Start of Block

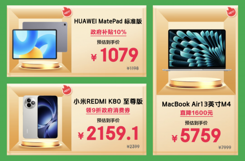 除此之外,HUAWEI MatePad标准版,享10%政府补贴,1079元即可入手;小米REDMI K80至尊版领9折政府消费券后2159.1元;苹果MacBook Air 13英寸M4版直降1600元后,再叠加10%政府补贴,5759元的价格还支持12期免息,相当于每天仅需15.9元就能使用M4芯片的轻薄本。
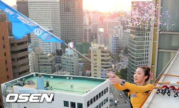 4일 오후 서울 롯데백화점 본점 에비뉴엘 빌딩을 오르는 '카스라이트 빌더링 2 with 김자인'행사에서 김자인이 완등 후 포토타임을 갖고 있다.
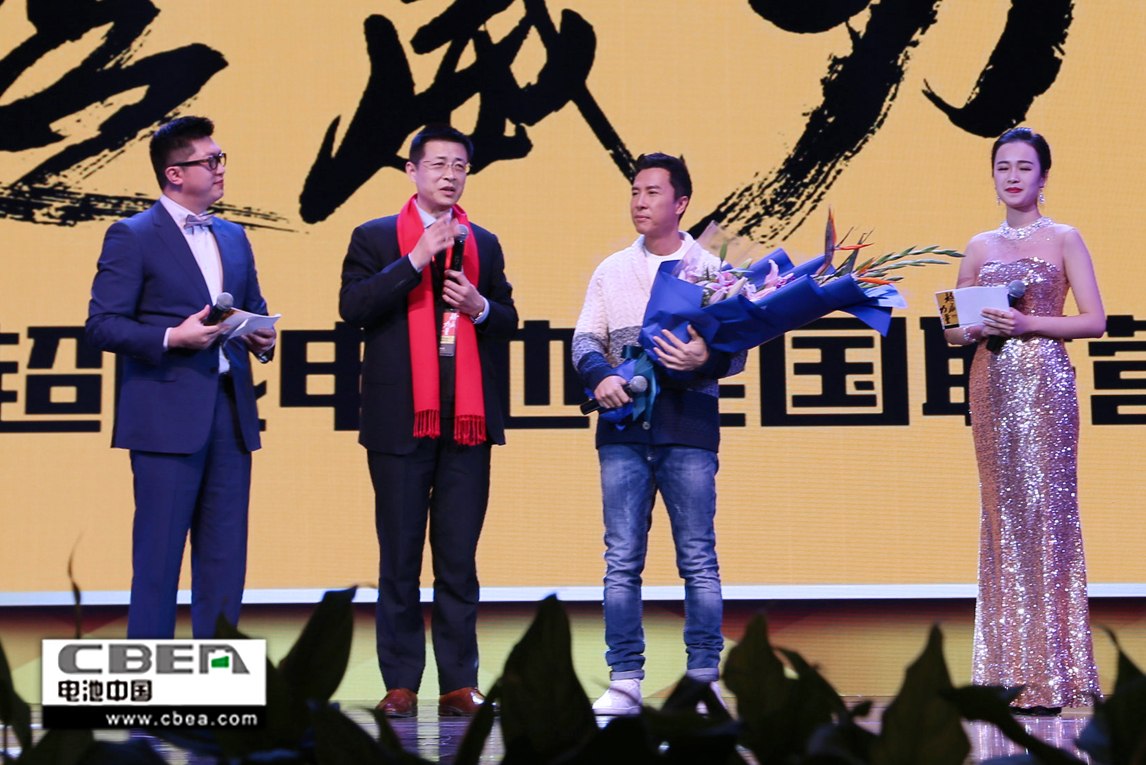 圖為超威品牌形象代言人、國(guó)際功夫巨星甄子丹(左3)親臨現(xiàn)場(chǎng)
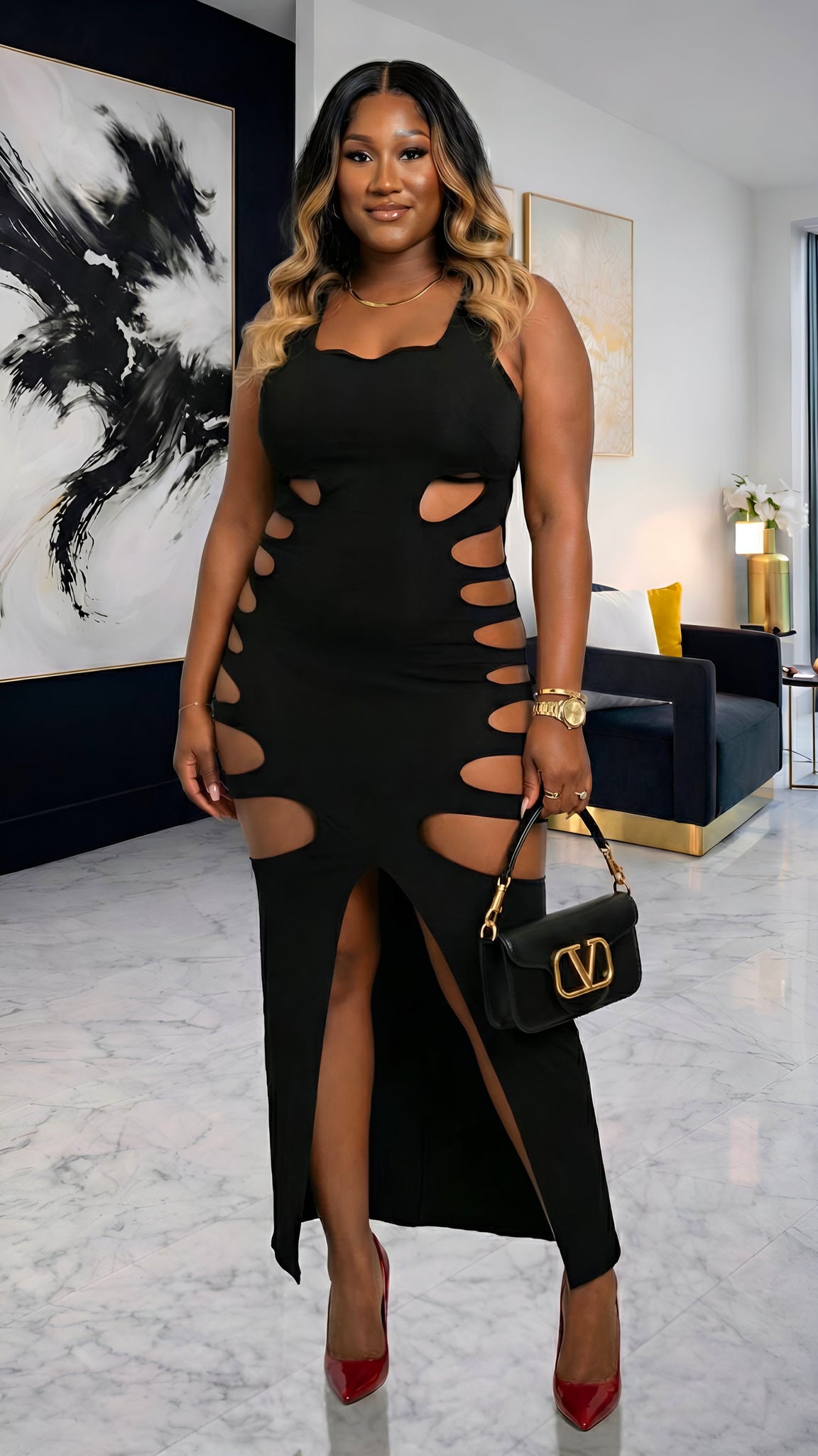 Turn heads the moment you step in the room. Our “All Eyes On Me” Maxi Dress is crafted from a buttery-soft, seamless stretch fabric that hugs every curve in all the right places. The bold laser-cut details create a sultry, sculpted look that’s impossible to ignore.
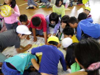 10月16日 約一時間,校区を回り,危険個所や交差点をチェックしました。校区を回ってきたグループは,地図に気付いたことを書き込みました。校長先生から,パトロールの様子と今後の登下校,休日の安全について話がありました。最後に,お世話になった方々にお礼を言いました。
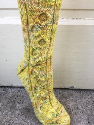 Pictured sock is size medium and was worked in Valhalla Farms Farmhouse Sock, Yellow Brick Road colorway.
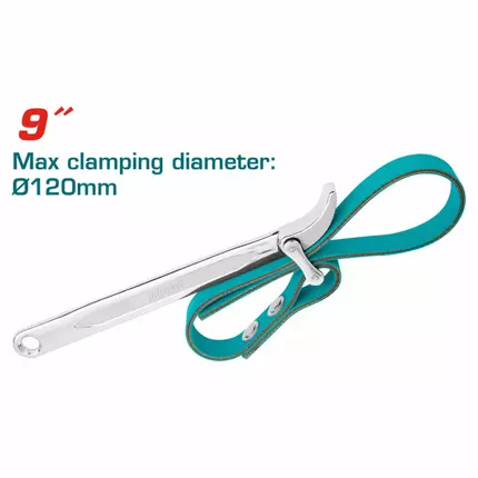 Specification: Brand: Total Tools Model: THTBPW0906 Size: 9" Clamping Diameter: Φ30mm-120mm Belt Length: 500mm Drop-forged handle Rubber and nylon belts Heat treatment chrome plated Packed by blister card
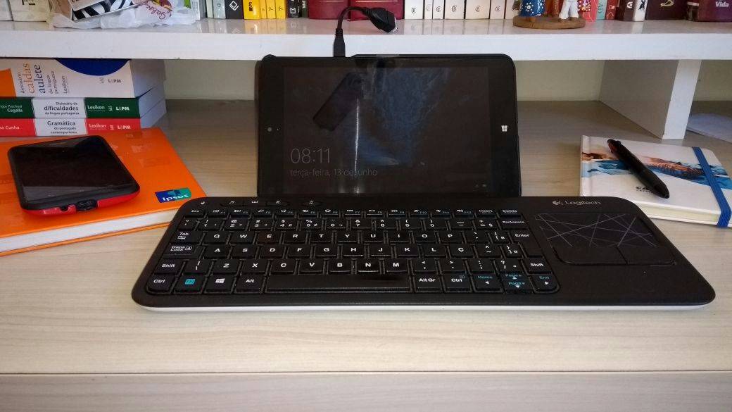 Assim, meu escritório móvel é composto por um tablet Lenovo ThinkPad 8 rodando Windows 10, um teclado Logitech K400 wireless, um smartphone Zenfone 2 Quad-core 1.8, 4GB de RAM e 16GB de memória interna. Levo ainda comigo dois cadernos para anotações e uma caneta com borracha do tipo “stylus” no topo, para marcar textos lidos no tablet.

End of Block

Return all the material exactly, pictures excluded.

▶ [ANSWER TO THE EXERCISE]:
 除此之外,HUAWEI MatePad标准版,享10%政府补贴,1079元即可入手;小米REDMI K80至尊版领9折政府消费券后2159.1元;苹果MacBook Air 13英寸M4版直降1600元后,再叠加10%政府补贴,5759元的价格还支持12期免息,相当于每天仅需15.9元就能使用M4芯片的轻薄本。
 4일 오후 서울 롯데백화점 본점 에비뉴엘 빌딩을 오르는 '카스라이트 빌더링 2 with 김자인'행사에서 김자인이 완등 후 포토타임을 갖고 있다.
 圖為超威品牌形象代言人、國(guó)際功夫巨星甄子丹(左3)親臨現(xiàn)場(chǎng)
 Turn heads the moment you step in the room. Our “All Eyes On Me” Maxi Dress is crafted from a buttery-soft, seamless stretch fabric that hugs every curve in all the right places. The bold laser-cut details create a sultry, sculpted look that’s impossible to ignore.
 10月16日 約一時間,校区を回り,危険個所や交差点をチェックしました。校区を回ってきたグループは,地図に気付いたことを書き込みました。校長先生から,パトロールの様子と今後の登下校,休日の安全について話がありました。最後に,お世話になった方々にお礼を言いました。
 Pictured sock is size medium and was worked in Valhalla Farms Farmhouse Sock, Yellow Brick Road colorway.
 Specification: Brand: Total Tools Model: THTBPW0906 Size: 9" Clamping Diameter: Φ30mm-120mm Belt Length: 500mm Drop-forged handle Rubber and nylon belts Heat treatment chrome plated Packed by blister card
 Assim, meu escritório móvel é composto por um tablet Lenovo ThinkPad 8 rodando Windows 10, um teclado Logitech K400 wireless, um smartphone Zenfone 2 Quad-core 1.8, 4GB de RAM e 16GB de memória interna. Levo ainda comigo dois cadernos para anotações e uma caneta com borracha do tipo “stylus” no topo, para marcar textos lidos no tablet.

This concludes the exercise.